The play-within-a-play is a common theatrical device, maybe most memorable in Shakespeare’s Hamlet, but just as evident in a show like Tina Fey’s 30 Rock.  Authors, screenwriters, and playwrights alike all seem to enjoy the interplay of an artificial reality within a larger artificial reality—and for good reasons too.  It allows the creator to explore the differences between the inner and outer selves, to illustrate the theatrics of everyday life, and of course, to comment on his/her own work (or creative masterpieces) as it plays out for the audience.

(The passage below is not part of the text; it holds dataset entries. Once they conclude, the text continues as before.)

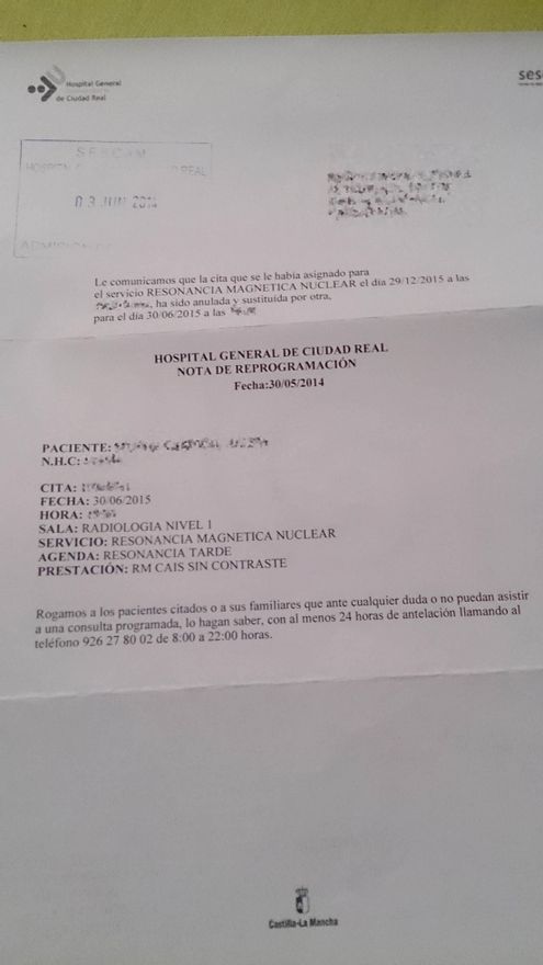 La cita para esta prueba diagnóstica, una resonancia magnética craneal, se la concedieron para diciembre de 2015, una espera de casi dos años, ya que la consulta con el especialista fue en febrero. La sorpresa la ha tenidos, cuando una vez se informó desde el Sescam que ya no existe espera para las resonancias magnéticas, el 3 de junio recibía una carta en la que se le informaba que se le adelantaba su cita de diciembre de 2015 a junio, lo que implica que todavía deberá esperar un año para saber si el tumor sigue ahí y las causas de los pitidos y sordera que padece.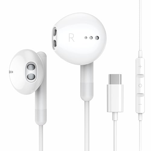 USB C Headphones Wired Earphones iphone 16 17, Type C Headphones In Ear Earbuds Wired with Mic &Volume Control for iPhone 15 Plus Samsung Galaxy S23 S22 S21 FE iPad Pro Huawei Google Pixel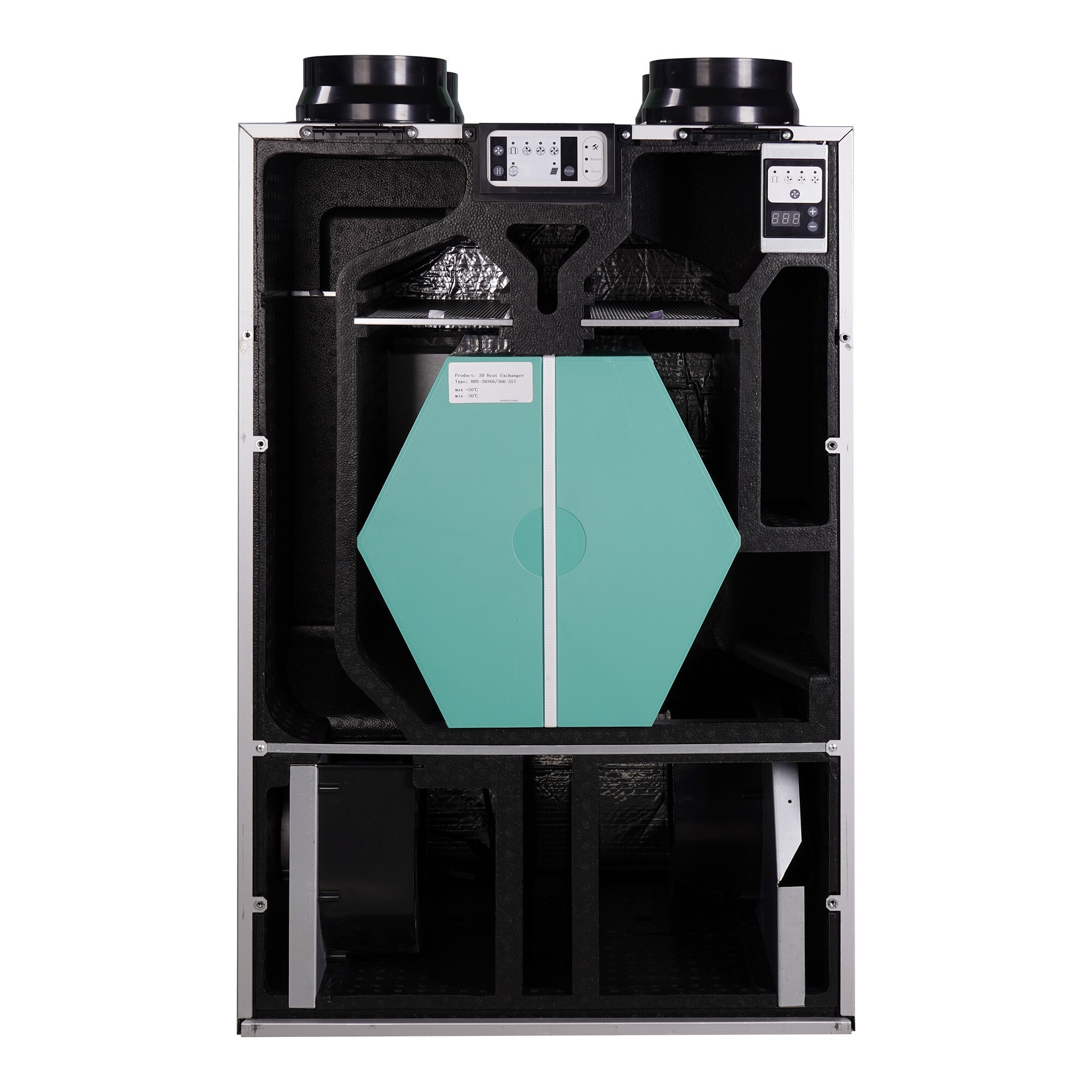 Стандартно установки комплектуются приточным и вытяжным вентиляторами, приточным и вытяжным фильтрами, пластинчатым рекуператором. Инновационный тип рекуператора позволяет подогревать и увлажнять приточный воздух, при этом специальная мембрана рекуператора переносит из вытяжного воздуха только молекулы воды, оставляя в нем все загрязнения.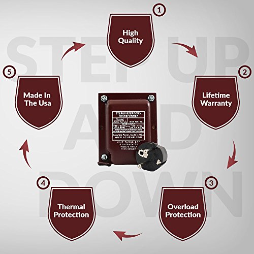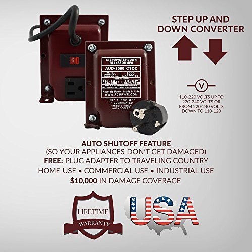 American-made ACUPWR voltage transformers/converters are the best available and not to blow up or put on a fireworks display. You might think were kidding, but research the cheaper, Chinese-made brands; they’re notorious for breaking down, catching on fire, and taking your valuable appliances down as well! Don’t risk it: ACUPWR is renowned for safety, reliability, and longevity. And not surprisingly, they’re used extensively by the US military, NASA, and united nations. Our transformers and converters use premium components copper wire and laminated silicon steel core sand they’re safe for continuous use at 120-percent beyond their stated wattage. Further, they can handle bursts of 200-percent wattage for a short period. Unlike our competition, ACUPWR transformers/converters use thermal protection, not fuses. When an ACUPWR transformer/converter is overheated, it simply shuts down, returning to operation after a few minutes. Our CE-certified AUD-1500 step down/step up model is designed for 110-120 volts to 220-240 volts operation, and vice-versa. It features a schuko type F output and a NEMA 15-R (Type B) output. Included is a plug adapter for use in 220-240 volts regions beyond great Britain.Feature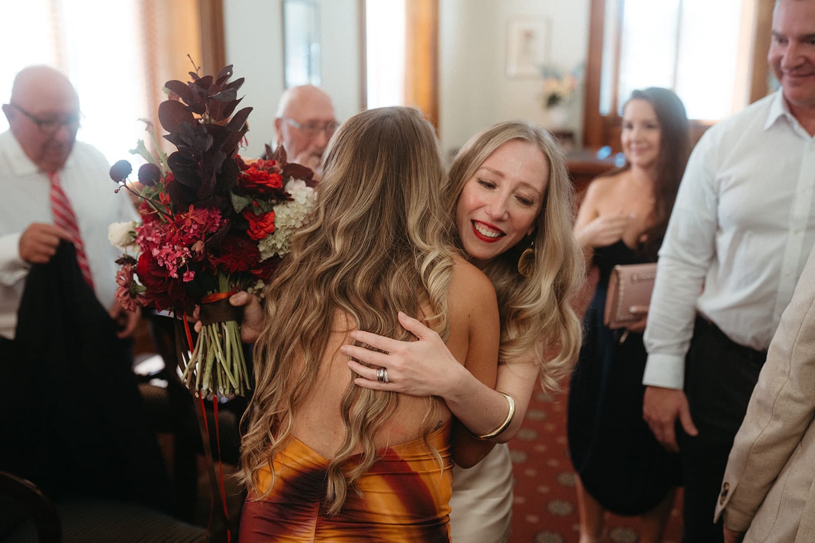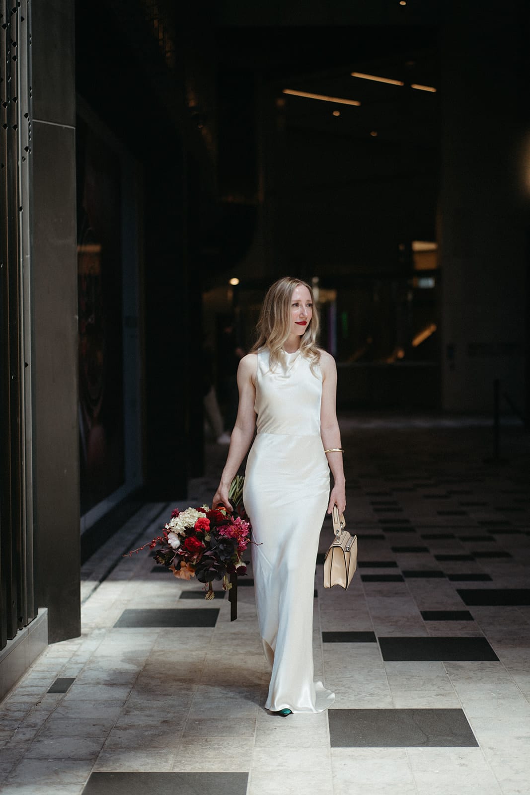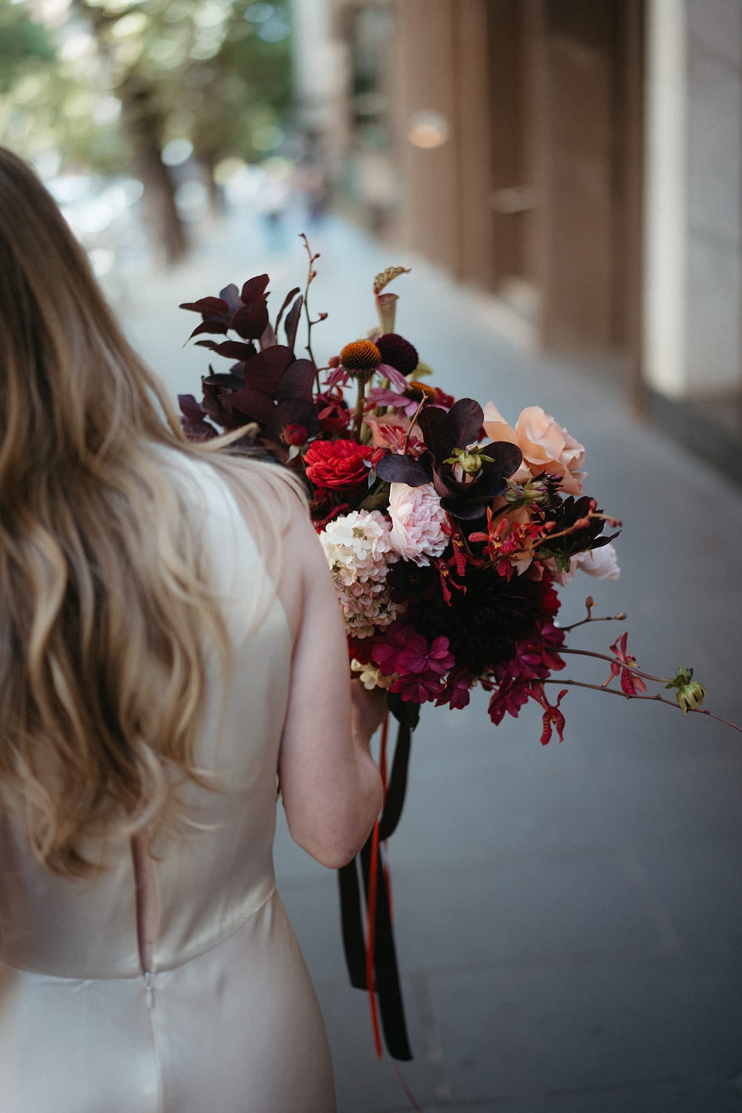 FAVE DETAILS “The bouquet [from Geranium Studio]! I had sent over some inspo images featuring moody, rich hues of burgundy and caramel, not being too precise in terms of the type of flowers and wanting something loosely constructed. When the bouquet arrived, Luke and I were blown away – billowing dusty apricot roses and Dahlia cornels among so many other amazing varieties. Just perfect.”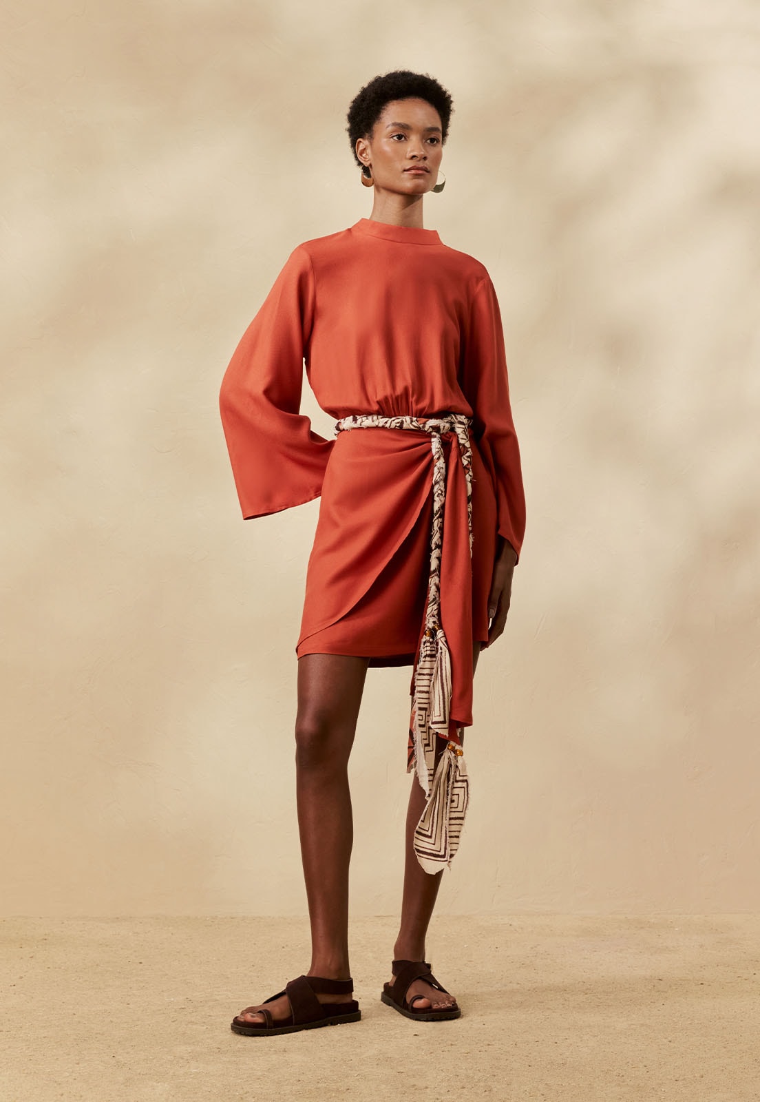 O Vestido Curto Liso Golinha da CaCay tem modelagem elegante e atemporal, com manga ampla que confere leveza e movimento. O detalhe de amarração na cintura valoriza o busto e define a silhueta de forma confortável, enquanto o ajuste no pescoço acrescenta sofisticação discreta. O caimento é solto no quadril e o comprimento acima do joelho traz equilíbrio entre praticidade e estilo. A forma é grande, então se estiver em dúvida entre dois tamanhos, opte pelo menor e consulte a tabela de medidas para precisão. A modelo da foto tem 1,75m, veste manequim 36 e está usando o tamanho P.Confeccionado em 100% viscose, o tecido é leve, sem elasticidade, e proporciona conforto prolongado para o dia a dia, trabalho ou eventos casuais, com proposta minimalista e versátil. Combine com acessórios delicados, sandálias de tiras ou uma bolsa estruturada para compor looks que transitam com naturalidade entre diferentes ocasiões.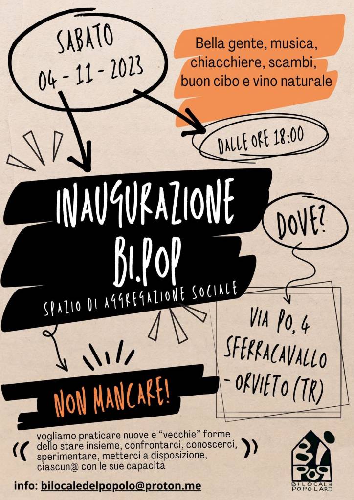 Due parole in croce per invitarvi all’inaugurazione del Bi.Pop – Bilocale del popolo a Sferracavallo, Orvieto (via Po, 4): uno spazio di aggregazione sociale dove «praticare nuove e vecchie forme dello stare insieme, confrontarci, conoscerci, sperimentare, metterci a disposizione, ciascunə con le sue capacità».

At a point during French playwright Jean Anouilh’s The Rehearsal—which runs until May 24 at A Noise Within in Glendale— we see this first hand as an actress…who plays an actress…who plays the Countess questions her husband, the Count (Robertson Dean), about whether or not his love interest in the play, Lucile, has become his love interest in real life. He responds with possibly the best line in the show: “Life is very nice, but it has no shape.  The object of art is actually to give it some and to do it by every artifice possible—truer than the truth.”  This one sentence summed up the entirety of the engaging two-and-a-half hour production; that oftentimes the ‘fake’ is more meaningful than the ‘real.’

The Rehearsal’s setting is a perfect example of this paradox; it takes place in 1950s France, but since the play-within-the-play is set closer to the 1750s, the characters seem much more themselves when disguised beneath the wigs and gowns of antiquated aristocracy.  In fact, the wigs only come off when we meet the impetus for the show’s conflict, Lucile, who never wears a wig herself.  She, unlike the rest of the Count’s hoity-toity social circle—his wife the stuffy Countess, the airhead Mistress, the Footman buffoon, or the drunken, manipulative Hero —is soft, naïve, and caring.  And it is due to these exact qualities that the Count falls deeply and openly in love with Lucile—much to the chagrin of the others.  The remaining scenes of The Rehearsal are not so much concerned with rehearsing as they are about winning over the romantic sentiments of the newly transformed Count—and by any means possible.

For the most part, A Noise Within’s recent rendition of this tragic farce, smoothly directed by Julia Rodriguez-Elliott, is right on the mark of what one wishes to see out of good, classical theatre—tight and assured performances, witty dialogue, transformative costumes and set-dressing, and maybe the most heart-warming in these times: a packed house on the second weekend.  If artifice does indeed give way to truth, then Rodriguez-Elliott succeeded in bringing true theatre to Los Angeles–even if it was just a rehearsal.